The union said industrial action, which began on Monday 20 January, will resume if the issues are not resolved.

IMPACT national secretary Eamonn Donnelly said the union had held two meetings with management and he believed the department now clearly understood the issues and was “prepared to deal with them all in a serious way”.

The issues raised by IMPACT include staffing levels and the department’s failure to implement reports that would generate savings by optimising the skills and resources of agricultural officer grades. According to the trade union, the LRC process will also address the grading structure, developing meaningful roles for agriculture officers, the need for a “changed culture towards technical staff and a rebuilding of trust in the collapsed industrial relations system,” and a range of other industrial relations issues.

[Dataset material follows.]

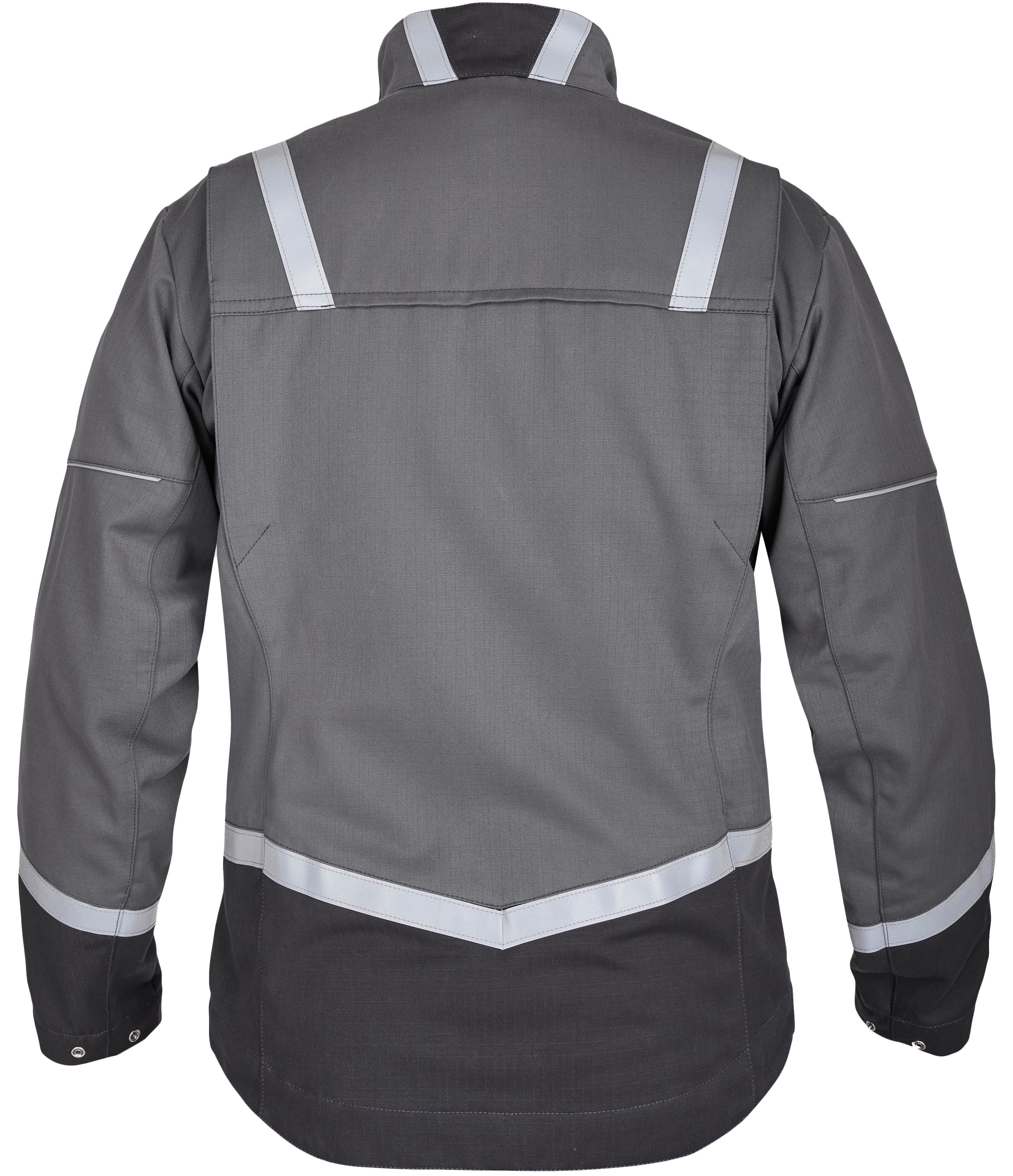 The ROFA MULTISIX jacket offers high protection in a wide range of dangerous situations and is flexible in use. The particularly pleasant grip of the material ensures a high level of wearing comfort in addition to an optimised ergonomic cut. The breathable material is inherently flame retardant and self-extinguishing. The dynamic look is determined by contrasting colours and reflective strips and piping on the shoulders, torso and sleeves. Various outside and inside pockets offer sufficient storage space. The movement pleats in the back, the extended back and the width-adjustable sleeve cuffs ensure freedom of movement and a comfortable fit.

Donnelly said the union would be contacting its members early next week to outline the developments that led to the suspension of action and explain the next steps.

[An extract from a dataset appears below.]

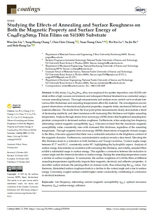 Yiran Gan 4/8/25 Yiran Gan 4/8/25 Thickness, Annealing, and Surface Roughness Effect on Magnetic and Significant Properties of Co40Fe40B10Dy10 Thin Films Read More
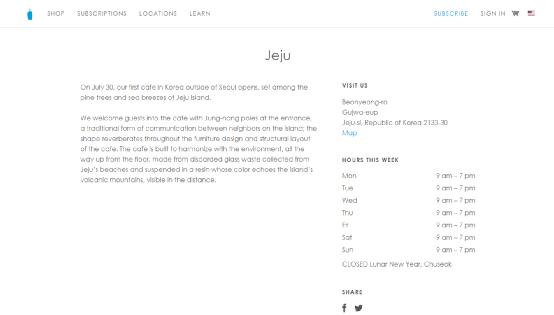 根据济州岛当地新闻媒体Jeju Weekly的介绍,蓝瓶咖啡今年在韩国新开的两家门店地点都设立在了首尔内,令其他地区的粉丝甚是失望,而此次新开的门店是第一家开在首尔之外的。济州岛当地新闻媒体Jeju Weekly还在报道中称,早在5月的时候,蓝瓶咖啡韩国分支便开始为济州岛的新门店招募工作人员了。提供应聘的职位既有全职的,也有兼职的,只是关于这家新门店的具体细节(如位置)并未披露。济州岛是韩国国内旅游需求集中地,而此次将韩国首家首尔外的门店设立在济州岛,似乎是为了吸引“咖啡游客”。

IMPACT says the workers have fully co-operated with extensive reforms, including the closure of 42 local offices, down from 58 to 16, which have delivered €30 million in savings. Their dispute centres on management’s subsequent failure to sustain and expand their duties in line with independent reports – commissioned by the department – which say further substantial savings could be delivered if technical staff took on some of the inspection duties currently allocated to higher paid civil servants and expensive external contractors. The union says management’s failure to implement the reforms costs taxpayers and farming communities millions of euro, while putting technical jobs at risk.

The staff are central to food safety and compliance with EU and Irish regulations on the production, labelling, sale and export certification of agricultural produce including live animals.